What the task requires: Only some lines are wanted. Transcribe, exactly, the lines below from the line with "1. The temperature" up to and including the line with "Buongiorno, ho acquistato".

Information:
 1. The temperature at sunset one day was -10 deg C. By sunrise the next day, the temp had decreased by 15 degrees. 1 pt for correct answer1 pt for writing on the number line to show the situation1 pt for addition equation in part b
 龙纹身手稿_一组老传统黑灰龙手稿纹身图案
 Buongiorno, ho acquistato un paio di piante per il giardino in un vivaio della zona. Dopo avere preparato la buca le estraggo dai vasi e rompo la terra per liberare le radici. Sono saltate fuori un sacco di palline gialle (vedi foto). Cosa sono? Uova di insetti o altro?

---

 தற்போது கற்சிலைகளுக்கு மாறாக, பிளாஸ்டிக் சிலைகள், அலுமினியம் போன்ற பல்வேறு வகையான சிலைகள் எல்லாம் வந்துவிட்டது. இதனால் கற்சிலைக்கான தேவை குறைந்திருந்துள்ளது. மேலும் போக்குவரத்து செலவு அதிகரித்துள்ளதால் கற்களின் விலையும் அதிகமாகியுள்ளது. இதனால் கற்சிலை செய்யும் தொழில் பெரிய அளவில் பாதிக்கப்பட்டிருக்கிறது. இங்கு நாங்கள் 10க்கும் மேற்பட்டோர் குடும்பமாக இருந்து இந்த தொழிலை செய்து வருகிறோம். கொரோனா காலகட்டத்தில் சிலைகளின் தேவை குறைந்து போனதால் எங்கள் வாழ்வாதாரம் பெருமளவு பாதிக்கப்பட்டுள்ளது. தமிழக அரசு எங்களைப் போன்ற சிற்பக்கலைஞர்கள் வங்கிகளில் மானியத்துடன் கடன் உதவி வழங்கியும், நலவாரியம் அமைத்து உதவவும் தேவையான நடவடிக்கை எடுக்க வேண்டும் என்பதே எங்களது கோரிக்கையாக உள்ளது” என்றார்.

Response to the exercise:
 1. The temperature at sunset one day was -10 deg C. By sunrise the next day, the temp had decreased by 15 degrees. 1 pt for correct answer1 pt for writing on the number line to show the situation1 pt for addition equation in part b
 龙纹身手稿_一组老传统黑灰龙手稿纹身图案
 Buongiorno, ho acquistato un paio di piante per il giardino in un vivaio della zona. Dopo avere preparato la buca le estraggo dai vasi e rompo la terra per liberare le radici. Sono saltate fuori un sacco di palline gialle (vedi foto). Cosa sono? Uova di insetti o altro?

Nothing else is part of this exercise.